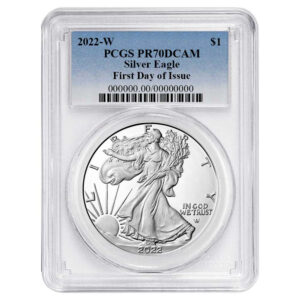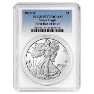 2022-W $1 1-oz Proof American Silver Eagle PCGS PR70DCAM FDOI Blue Label Blue Frame
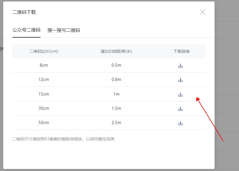 选择尺寸获取二维码。
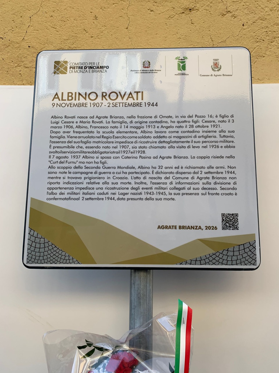 Nello specifico le due pietre (sono 5 in totale quelle posate ad Agrate) sono state dedicate ad Albino Rovati, dichiarato disperso in Croazia nel settembre del 1944; e a Carlo Gaviraghi, disperso in prigionia in Germania nel maggio del 1945.
□ □ □ □ □
Retype the listing verbatim, minus every image.

 2022-W $1 1-oz Proof American Silver Eagle PCGS PR70DCAM FDOI Blue Label Blue Frame
 选择尺寸获取二维码。
 Nello specifico le due pietre (sono 5 in totale quelle posate ad Agrate) sono state dedicate ad Albino Rovati, dichiarato disperso in Croazia nel settembre del 1944; e a Carlo Gaviraghi, disperso in prigionia in Germania nel maggio del 1945.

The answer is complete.